There would be far fewer divorces if women would take the time to find a suitable mate. The idea that a man can be ‘changed’ into the perfect husband is a fantasy of youth. First of all there is no such thing as a perfect husband. Second, it is impossible to retrain another human being after the age of three or so. The best thing to do is find someone whose mother has done all the work. As soon as you realize the guy you are dating has potential, insist on meeting his parents. Preferably on Sunday. Preferably when there is a professional sports game on. If the old man is splayed out on the couch with his hand stuck in the waist of his pants (or worse, lounging without pants) and loverboy’s momma is racing back and forth from the kitchen with snacks and beer; this is not the guy for you. If, however, papa bear turns off the TV when you arrive and momma bear is actually allowed to have her own opinions then you’re good to go. If baldness is an issue, you might take this opportunity to see a picture of the maternal grandfather.
If the visit was satisfactory and he is starting to look like serious boyfriend material your next task is to check out his living quarters. If he’s over twenty eight and still living with a couple of frat brothers in an apartment with a wide screen plasma TV, very little furniture and a refrigerator filled with beer--dump him. Your ovaries will shrivel up into raisins before Peter Pan is ready for a family.
On the other hand if his place is too tidy you could wind up spending the best years of your life with an obsessive compulsive who will want you to iron his boxer shorts. Look around carefully and ask if he has a cleaning lady. This would be good because if he is too busy or finds it too demeaning to clean his own toilet then it is probably a good bet he will not ask you to do it either. After all, you are looking for a mate who wants a partner not a maid or mother. So if this morning’s cereal bowl is the only thing in the sink, there’s one damp towel on the bathroom floor and a chinese take out box with something green and fuzzy is residing on a shelf in the fridge, things are looking good.
It’s a given that men don’t like change but that doesn’t mean they can’t live with it. How they live with it is what you should be interested in. If your significant other comes home after you just finished rearranging the furniture and demands that it be returned to the way he likes it you can do one of two things. You can tell him to live with it for one week. If he still hates it you’ll move it back. (By the end of the week he’ll be used to it.) Or you can move it back to prevent a week of pouting. If the second senario is the one most likely to happen then you better like your current hem line and hair cut because you’re going to have to live with them the rest of your married life.
Picking a compatible mate requires the careful analysis of your own likes and dislikes. Don’t like someone around 24/7? Make sure your guy has a hobby or two. Hate to cook? Find a guy who knows the difference between a colander and a sieve. Want children? Don’t marry an only child. They never learn to share. Love to read? The guy with nothing but MAD magazines on his bedside table won’t do.
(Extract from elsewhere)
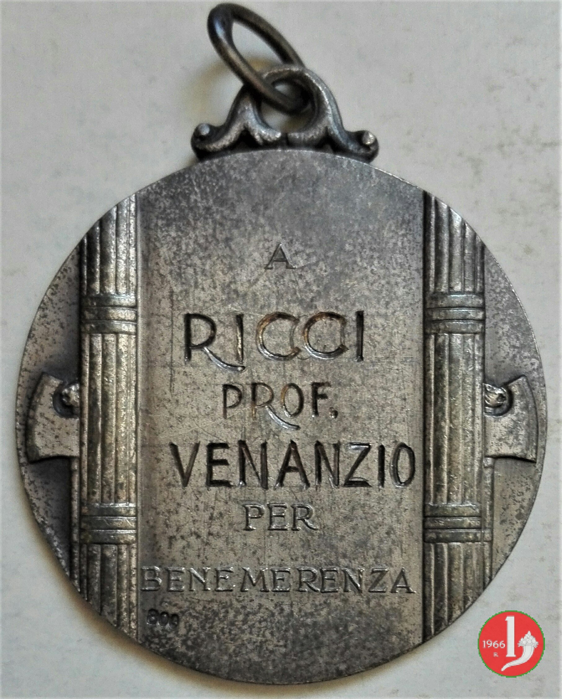 Verso: nel campo, a dx di ramo d'alloro: AL = DOTT.E ULISSE BONADEI = CHE = PRIMO IDEO' E PROPUGNO' = I SUOI = COLLEGHI ED = AMICI

You need to have things in common, but not everything--how boring would that be? Dislike movies? Don’t marry a critic. Hate doing laundry? Don’t marry a guy who plays dirty, like a landscaper or mechanic. You get the idea. Think with your head, not your hormones. Choosing a man is easy. Choosing the right man takes time and effort but will be well worth it. Anyway, if the guy you thought was perfect for you turns out to be a stinker, you know what they say--the first time’s for practice.